La lutte s’engagea dans le nouveau parlement. Le ministère, en choisissant pour faire la première épreuve des forces respectives une question de liste civile, semblait s’être ménagé des chances d’autant plus favorables, que l’opposition, si long-temps exilée du pouvoir par les ressentimens personnels de George IV, était évidemment préoccupée de la pensée de ne pas s’aliéner aussi son successeur. Néanmoins, contre toute attente, à l’inexprimable étonnement des vainqueurs comme des vaincus, une majorité de 29 voix, en adoptant un amendement proposé par les whigs, prouva que le cabinet ne possédait pas la confiance de la chambre des communes. Ce résultat n’aurait peut être pas eu lieu, si quelques ultra-tories, qui voulaient, non pas renverser le ministère an profit des whigs, mais lui donner une leçon, n’eussent uni leurs votes à ceux de l’opposition, qu’ils croyaient par là rendre un peu plus nombreuse sans lui assurer pourtant la victoire ; mais, dans l’état des choses, on peut penser que la défaite du duc de Wellington et de ses collègues, eût-elle été différée, n’en était pas moins inévitable, et qu’en gardant plus long-temps le pouvoir ils eussent augmenté les probabilités d’une révolution.

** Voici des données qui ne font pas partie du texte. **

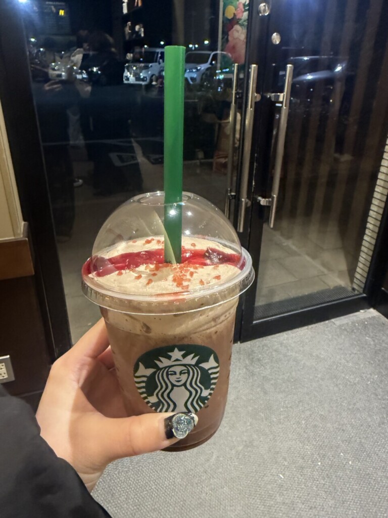 この前スタバの新作を飲みました☕️✨カカオとストロベリー🍓のフラペチーノにしてみました!もうフラペチーノを一人で1杯飲めなくなっていたので相方とふたりで1個にしました笑

Quoi qu’il en soit, le vote de la chambre fut immédiatement suivi de leur démission, et les whigs se virent appelés à composer le gouvernement, auquel, comme parti, ils avaient été étrangers depuis la mort de Fox. Ce qui restait encore des amis de ce grand homme, lord Grey, lord Holland, lord Landsdowne, se partagèrent avec des hommes d’une célébrité plus récente, tels que lord Althorp, lord John Russell et l’illustre Brougham, les départemens ministériels et les grands emplois administratifs.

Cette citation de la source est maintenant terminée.